Chris Barrett and Karuni Rompies, Singapore/Jakarta – In Kupang, in Indonesian West Timor, the first school bell of the day is now sounding far earlier than in the rest of the country.
It's ringing, in fact, when it is pitch-black outside and many children are still asleep.
Under a new policy brought in this week by Viktor Laiskodat, governor of southern East Nusa Tenggara, public high school students in the provincial capital are walking into classrooms at 5am.
"[Students] can sleep at 10pm and wake up at 4am. Six hours of sleep is enough," he said in an address to school principals and education officials.
"Bathe for 30 minutes, travel to school for 30 minutes because nowhere is far in this city. So they can be at school by 5am."
The school day in Indonesia usually starts about 7am and finishes mid-afternoon, depending on the education institution.
But in predominantly Catholic East Nusa Tenggara, a region that takes in the islands of Flores and Sumba, as well as West Timor, that's not early enough for the governor, a former lawyer and MP.
"The main reason for this is to build our students' character so they know discipline," he said.
Laiskodat, who wants to extend the new hours beyond Kupang and across the province after the pilot program in its administrative centre, said only senior high school students, who aged 17 and 18, that would be subject to the changed timetable and not those in junior high.
The decision to have class begin before dawn, though, has been met with criticism from Catholic education leaders and the Indonesian Teachers' Union Federation, which said it had canvassed the views of parents and teachers.

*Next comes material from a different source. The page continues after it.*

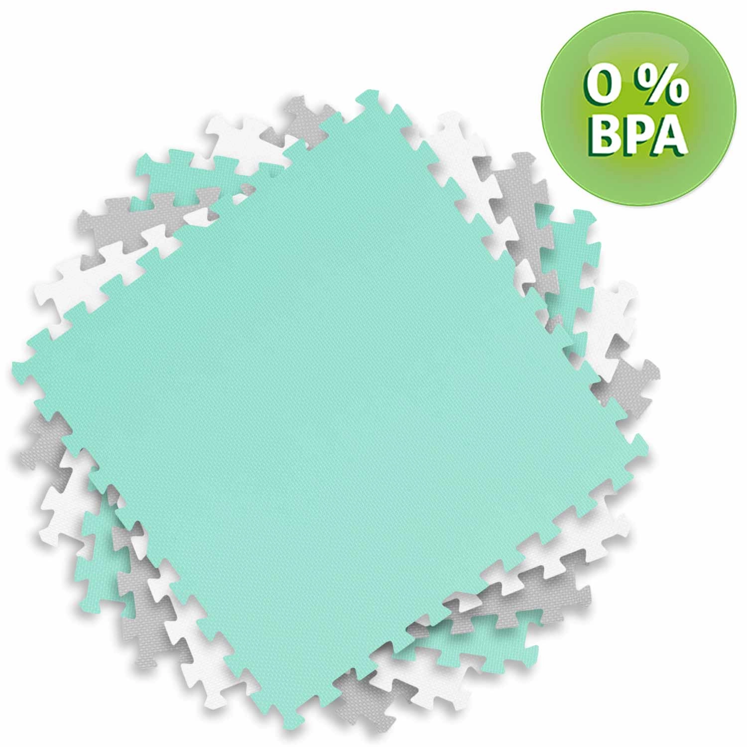 Grote foam puzzelmat RICOKIDS 180 × 180 cm, 9 delen, grijs-turkoois

"It turns out that many parents disagree with this policy, the responses vary from the safety factor of the child when going to school, difficult transportation in the morning, and the readiness of parents at home such as providing breakfast, and various considerations for children's health," said Retno Listyarti, chair of the teachers' federation expert body.
She pointed to learning development being affected by students due to lack of sleep.
"Sleep is very important for the body. During sleep, the body will repair itself, both physically and mentally, so that we feel refreshed and energised when we wake up and are ready for activities. This is important and necessary for children who are growing up to the age of 18," she said.
The government has justified the policy by comparing it to the early starts of Islamic boarding schools, whose students rise for the call to prayer at dawn. It also equated the timing to the hours worked by vendors in markets who often begin work at 3am.
With many students making their own way to school, provincial ombudsman Darius Beda Daton, however, has also urged the governor to reconsider the new policy for safety reasons.
"[Parents'] objections are that this policy has not been largely explained to schools and parents and students," he told The Sydney Morning Herald and The Age on Wednesday.
"If they have to be at school by 5am, it means they have to wake up by 4am and parents should make preparations by 3am. Another point is there is no public transport available in Kupang by 4.30am. Security is the issue too for the children if they are in the streets that early.
"We have given suggestions to the provincial education office that this policy must be comprehensively assessed by inviting all education stakeholders and discuss it with school committees, the police and transportation office must also be involved in the discussion."
At the schools in Kupang where students have arrived before dawn since Monday, it has been a challenging transition.
One senior student said classes hadn't actually started until 6am, instead they had done marching exercises and been addressed by the principal until then.
"Usually I wake up around 5.30am but now I have to wake up at 4am. It's difficult," the student said.
"[The principal] said it made us more effective in learning, the brain is in better quality in the morning to accept school subjects, to learn more disciplines. Most of [my family] oppose the policy. They think if it is to improve discipline, we can still implement the 7am school time and improve all the programs."
Marselinus Tika, a chemistry teacher at SMAN 6 school in Kupang, one of those in the pilot program, would also prefer a later start because he and his wife, who also works, have two children, aged seven and three.
He said teachers were worried about students walking to school in the early hours of the morning and were hoping buses would be provided but he could also see the governor's point of view.
"Waking up early is probably better for children than letting them staying up late just playing games," he said. "So maybe this policy has a positive side."